■ Task item
The records that follow should be returned exactly, pictures excluded.

(Data records)
◆ ◆ ◆

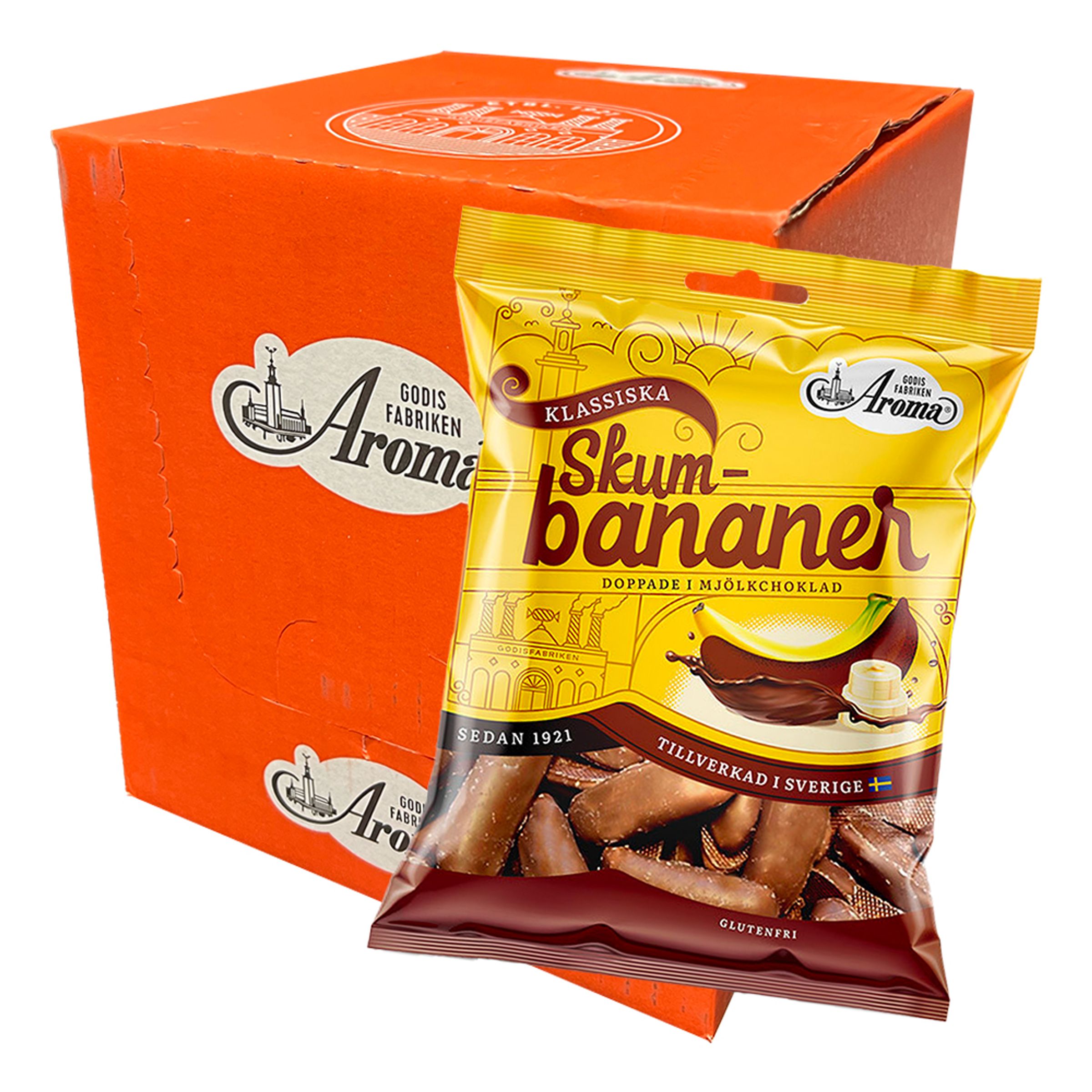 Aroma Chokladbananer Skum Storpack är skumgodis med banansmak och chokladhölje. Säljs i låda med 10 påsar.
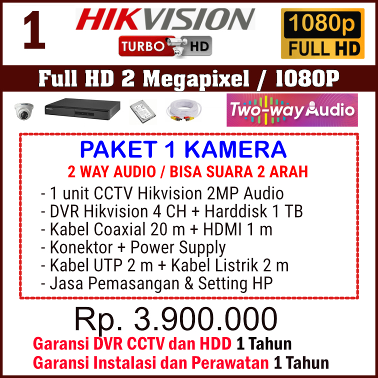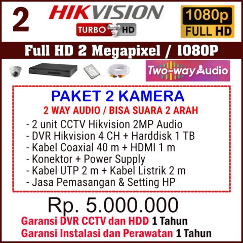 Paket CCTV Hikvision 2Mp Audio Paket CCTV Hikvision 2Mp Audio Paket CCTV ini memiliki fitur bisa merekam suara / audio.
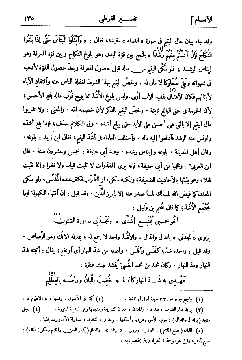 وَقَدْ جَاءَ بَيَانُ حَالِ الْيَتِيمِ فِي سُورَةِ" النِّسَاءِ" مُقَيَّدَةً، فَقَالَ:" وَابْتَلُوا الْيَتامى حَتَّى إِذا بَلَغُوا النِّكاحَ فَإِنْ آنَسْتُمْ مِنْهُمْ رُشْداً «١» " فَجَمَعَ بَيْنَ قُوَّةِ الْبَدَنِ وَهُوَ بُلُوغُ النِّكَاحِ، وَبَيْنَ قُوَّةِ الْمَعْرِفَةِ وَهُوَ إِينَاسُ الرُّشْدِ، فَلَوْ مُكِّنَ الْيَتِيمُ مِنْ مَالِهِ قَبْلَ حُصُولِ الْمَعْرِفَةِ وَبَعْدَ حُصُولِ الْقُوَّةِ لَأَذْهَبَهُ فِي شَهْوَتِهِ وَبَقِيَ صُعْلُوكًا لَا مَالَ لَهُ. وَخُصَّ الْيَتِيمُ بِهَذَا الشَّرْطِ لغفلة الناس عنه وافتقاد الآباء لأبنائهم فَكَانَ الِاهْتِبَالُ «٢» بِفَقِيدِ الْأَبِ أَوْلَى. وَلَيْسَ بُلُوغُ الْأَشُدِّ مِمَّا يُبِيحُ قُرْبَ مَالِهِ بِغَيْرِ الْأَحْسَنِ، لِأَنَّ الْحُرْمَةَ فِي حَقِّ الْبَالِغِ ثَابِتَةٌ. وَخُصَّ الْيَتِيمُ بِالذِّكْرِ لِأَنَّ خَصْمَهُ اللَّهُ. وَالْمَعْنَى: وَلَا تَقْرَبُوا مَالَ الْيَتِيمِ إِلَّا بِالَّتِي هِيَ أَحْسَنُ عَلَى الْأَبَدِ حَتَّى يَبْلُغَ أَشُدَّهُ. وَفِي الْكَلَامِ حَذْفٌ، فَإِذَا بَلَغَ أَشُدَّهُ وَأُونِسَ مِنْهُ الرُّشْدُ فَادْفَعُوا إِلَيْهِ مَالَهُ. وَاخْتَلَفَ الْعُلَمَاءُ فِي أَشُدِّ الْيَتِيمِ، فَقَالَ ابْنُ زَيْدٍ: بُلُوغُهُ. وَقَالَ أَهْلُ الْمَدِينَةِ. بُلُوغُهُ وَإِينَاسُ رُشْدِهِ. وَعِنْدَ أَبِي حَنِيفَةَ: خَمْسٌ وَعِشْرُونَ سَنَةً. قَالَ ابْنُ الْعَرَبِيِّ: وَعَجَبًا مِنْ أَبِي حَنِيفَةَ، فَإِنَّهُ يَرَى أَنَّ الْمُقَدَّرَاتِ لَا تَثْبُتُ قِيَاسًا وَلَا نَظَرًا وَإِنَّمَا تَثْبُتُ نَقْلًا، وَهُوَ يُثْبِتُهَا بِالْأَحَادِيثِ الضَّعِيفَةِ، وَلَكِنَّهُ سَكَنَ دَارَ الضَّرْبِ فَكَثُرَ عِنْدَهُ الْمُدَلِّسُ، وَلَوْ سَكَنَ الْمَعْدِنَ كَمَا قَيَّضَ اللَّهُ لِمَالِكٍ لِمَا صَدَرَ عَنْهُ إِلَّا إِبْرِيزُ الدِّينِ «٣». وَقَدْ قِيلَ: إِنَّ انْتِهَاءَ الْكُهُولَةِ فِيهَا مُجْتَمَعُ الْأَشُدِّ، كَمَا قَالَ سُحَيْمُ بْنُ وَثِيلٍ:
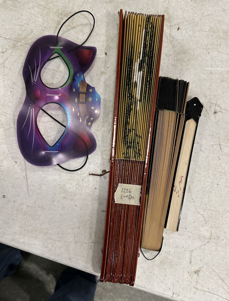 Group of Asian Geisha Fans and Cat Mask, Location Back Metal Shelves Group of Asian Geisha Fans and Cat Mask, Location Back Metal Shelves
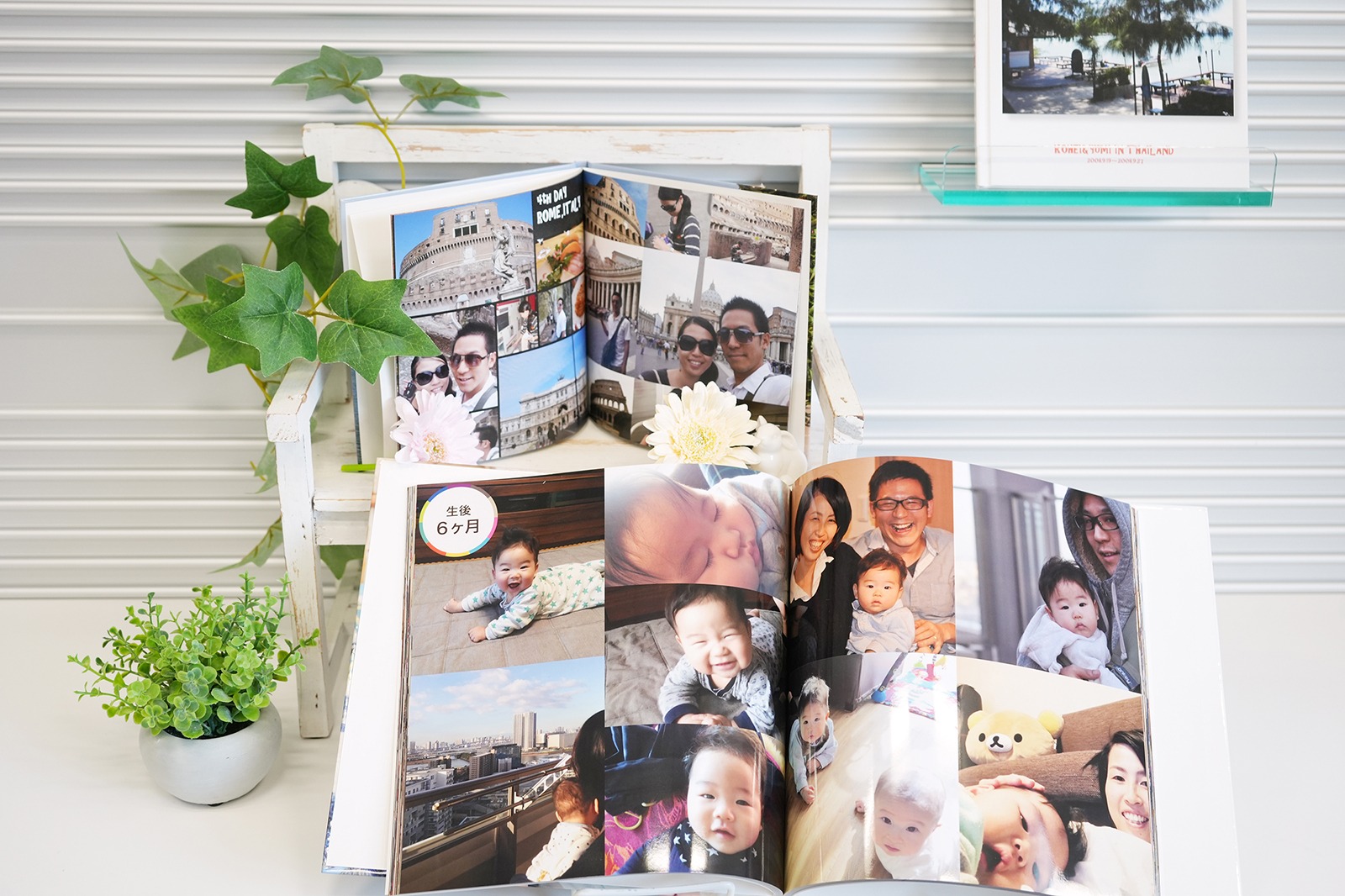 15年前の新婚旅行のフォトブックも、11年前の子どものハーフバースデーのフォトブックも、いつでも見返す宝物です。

◆ ◆ ◆

■ Task result
 Aroma Chokladbananer Skum Storpack är skumgodis med banansmak och chokladhölje. Säljs i låda med 10 påsar.
 Paket CCTV Hikvision 2Mp Audio Paket CCTV Hikvision 2Mp Audio Paket CCTV ini memiliki fitur bisa merekam suara / audio.
 وَقَدْ جَاءَ بَيَانُ حَالِ الْيَتِيمِ فِي سُورَةِ" النِّسَاءِ" مُقَيَّدَةً، فَقَالَ:" وَابْتَلُوا الْيَتامى حَتَّى إِذا بَلَغُوا النِّكاحَ فَإِنْ آنَسْتُمْ مِنْهُمْ رُشْداً «١» " فَجَمَعَ بَيْنَ قُوَّةِ الْبَدَنِ وَهُوَ بُلُوغُ النِّكَاحِ، وَبَيْنَ قُوَّةِ الْمَعْرِفَةِ وَهُوَ إِينَاسُ الرُّشْدِ، فَلَوْ مُكِّنَ الْيَتِيمُ مِنْ مَالِهِ قَبْلَ حُصُولِ الْمَعْرِفَةِ وَبَعْدَ حُصُولِ الْقُوَّةِ لَأَذْهَبَهُ فِي شَهْوَتِهِ وَبَقِيَ صُعْلُوكًا لَا مَالَ لَهُ. وَخُصَّ الْيَتِيمُ بِهَذَا الشَّرْطِ لغفلة الناس عنه وافتقاد الآباء لأبنائهم فَكَانَ الِاهْتِبَالُ «٢» بِفَقِيدِ الْأَبِ أَوْلَى. وَلَيْسَ بُلُوغُ الْأَشُدِّ مِمَّا يُبِيحُ قُرْبَ مَالِهِ بِغَيْرِ الْأَحْسَنِ، لِأَنَّ الْحُرْمَةَ فِي حَقِّ الْبَالِغِ ثَابِتَةٌ. وَخُصَّ الْيَتِيمُ بِالذِّكْرِ لِأَنَّ خَصْمَهُ اللَّهُ. وَالْمَعْنَى: وَلَا تَقْرَبُوا مَالَ الْيَتِيمِ إِلَّا بِالَّتِي هِيَ أَحْسَنُ عَلَى الْأَبَدِ حَتَّى يَبْلُغَ أَشُدَّهُ. وَفِي الْكَلَامِ حَذْفٌ، فَإِذَا بَلَغَ أَشُدَّهُ وَأُونِسَ مِنْهُ الرُّشْدُ فَادْفَعُوا إِلَيْهِ مَالَهُ. وَاخْتَلَفَ الْعُلَمَاءُ فِي أَشُدِّ الْيَتِيمِ، فَقَالَ ابْنُ زَيْدٍ: بُلُوغُهُ. وَقَالَ أَهْلُ الْمَدِينَةِ. بُلُوغُهُ وَإِينَاسُ رُشْدِهِ. وَعِنْدَ أَبِي حَنِيفَةَ: خَمْسٌ وَعِشْرُونَ سَنَةً. قَالَ ابْنُ الْعَرَبِيِّ: وَعَجَبًا مِنْ أَبِي حَنِيفَةَ، فَإِنَّهُ يَرَى أَنَّ الْمُقَدَّرَاتِ لَا تَثْبُتُ قِيَاسًا وَلَا نَظَرًا وَإِنَّمَا تَثْبُتُ نَقْلًا، وَهُوَ يُثْبِتُهَا بِالْأَحَادِيثِ الضَّعِيفَةِ، وَلَكِنَّهُ سَكَنَ دَارَ الضَّرْبِ فَكَثُرَ عِنْدَهُ الْمُدَلِّسُ، وَلَوْ سَكَنَ الْمَعْدِنَ كَمَا قَيَّضَ اللَّهُ لِمَالِكٍ لِمَا صَدَرَ عَنْهُ إِلَّا إِبْرِيزُ الدِّينِ «٣». وَقَدْ قِيلَ: إِنَّ انْتِهَاءَ الْكُهُولَةِ فِيهَا مُجْتَمَعُ الْأَشُدِّ، كَمَا قَالَ سُحَيْمُ بْنُ وَثِيلٍ:
 Group of Asian Geisha Fans and Cat Mask, Location Back Metal Shelves Group of Asian Geisha Fans and Cat Mask, Location Back Metal Shelves
 15年前の新婚旅行のフォトブックも、11年前の子どものハーフバースデーのフォトブックも、いつでも見返す宝物です。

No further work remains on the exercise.